В солнечные ясные дни с утра она по-прежнему уходила из дому. Но теперь не на главные улицы, не в магазины, не к раздражавшим ее потокам людей. Ее тянуло к пустынным набережным, к садам, к малолюдным окраинным улицам.
В эти солнечные ясные дни она вспоминала чувство воздушно-зрительной свежести мира, столь близкое ей, когда она была девочкой: ее детские глаза видели мир в четких контурах, в ярких и чистых красках, как в перевернутый бинокль, где мир, сжимаясь и концентрируясь, приобретает завершенность очертаний и красочность.
Она вспоминала, как после дождя блестели на солнце влажная зелень листвы и цветы; какой сахарно-белый был снег, как перелетал через застывшую реку резной чугун мостов. Она вспоминала, как красен был кирпич немецкой кирки; как изгибаясь сиял пухлый золотой крендель над входом в булочную. Она вспоминала, как сини, красны, зелены были стеклянные шары в дачных садах, на газонах, готовые вот-вот оторваться от стоек (как мыльные пузыри от соломинок) и улететь к облакам, похожим на вату, в голубое высокое небо.
В ту далекую пору, когда мир очертаний и красок спешил навстречу девочке, она бралась за карандаш и кисть. На бумаге вырастали зеленые, чрезмерно пышные сосны; бежал алый трамвай; тянулся коричневый дачный забор; лохматый пес лежал у конуры; лошадь била копытом по четким, как соты, торцам; вдали на блеклом финском прибрежном песке дремала смолистая лодка, перевернутая вверх дном.

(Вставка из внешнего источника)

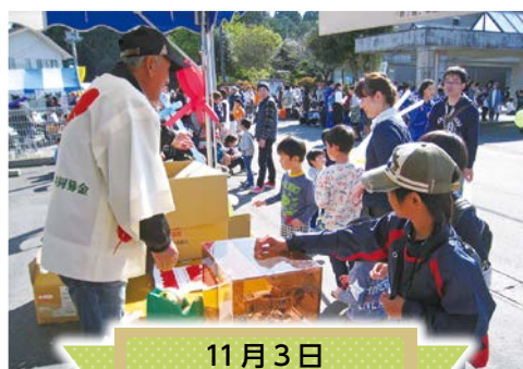
11月3日 山田ふれあいまつり

募金をしていただいた市民の皆さまはもちろん、各自治会、民生児童委員、各法人・職場、街頭募金にご協力いただいたボランティア等々、募金活動に係わっていただいた方々に心よりお礼申し上げます。皆さまからご協力いただいた善意は、「じぶんの町を良くする」ための福祉活動に活用させていただきます。ありがとうございました。なお共同募金の実績は次号でお知らせいたします。
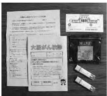
問診票と採便容器 クーポンは窓口にあります

あわせて、1月から3月までは大腸がん検診キャンペーンにも取り組んでいます。友の会クーポンを利用すると、無料で受けられますので、この機会にぜひお受け下さい。
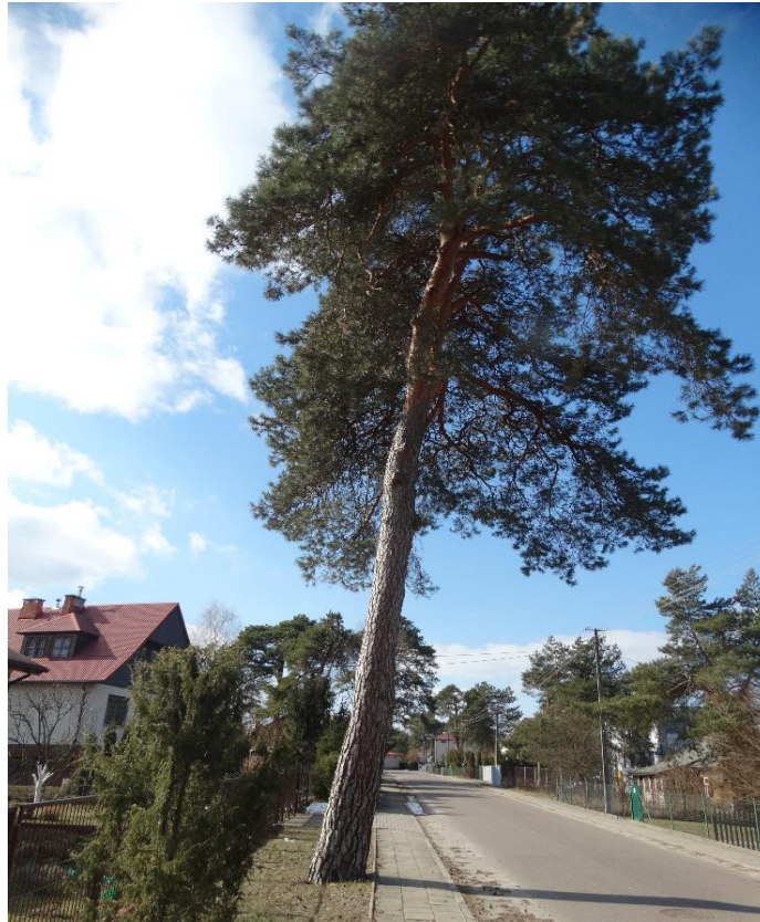
Poz. nr 2, sosna, 200 cm, dz. nr 985/4 Wola Uhruska (ul. Dworcowa).
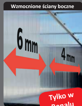
Wzmocnione ściany boczne

Wzmocniona ruchoma przegroda wewnętrzna (6 mm) ze wzmocnioną plandeką
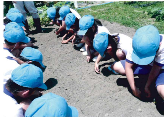
「ひと粒入魂？」みなさん真剣です
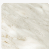
Venato K023 SU Struktura površine Super mat
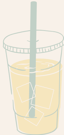
SANA TODO BEBIDA DE LA CASA A BASE DE LIMONARIA, MANZANILLA Y PIÑA $ 8,000
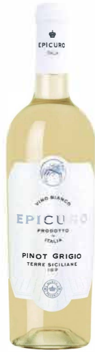
Pinot Grigio IGP

Der Epicuro Pinot Grigio wurde aus sizilianischen Trauben erzeugt und auf der Feinhefe ausgebaut. Er zeigt eine sehr schöne Nase mit Aromen von Honigmelone, Birne, etwas Banane, Grapefruit, Mandeln, Heu, ein Hauch von Brioche und Akazienblüten. Am Gaumen frisch, zarte Säure, füllig, feinfruchtig, fressenreich, elegant, zarter Schmelz, feine Spiel und ein langer Nachhall.

Это было детское творчество — наивное и неумелое. Рисунки, однако, были полны выразительной простоты, изящной свежести и напоминали акварели японцев. Виктория Генриховна была в восторге от маленькой художницы («в доме нужно уметь всё») и показывала знакомым ее рисунки. Знакомые хвалили девочку, гладили, целовали ее кудрявую головку, дарили ко дню рождения альбомы и ящики с красками. Магда и Ютта мечтали, что со временем их сестра станет знаменитой и слава будет следовать за ней по пятам как тень.
В школе девочка рисовала натюрморты, которыми допекал учениц преподаватель рисования, худой, растрепанный старичок. Она прилежно выписывала неизменные в натюрмортах сочетания фруктов, посуды, цветов. Рисунки ее были правильны и аккуратны. Растрепанный старичок считал ее своей лучшей ученицей. И снова все хвалили юную художницу.
Позже девочку стали интересовать книги, музыка. Никто в доме не настаивал, чтобы она продолжала свое рисование: оно вдруг представилось домочадцам пустой детской забавой, не стоящей внимания, отошло на второй план и вскоре было заброшено.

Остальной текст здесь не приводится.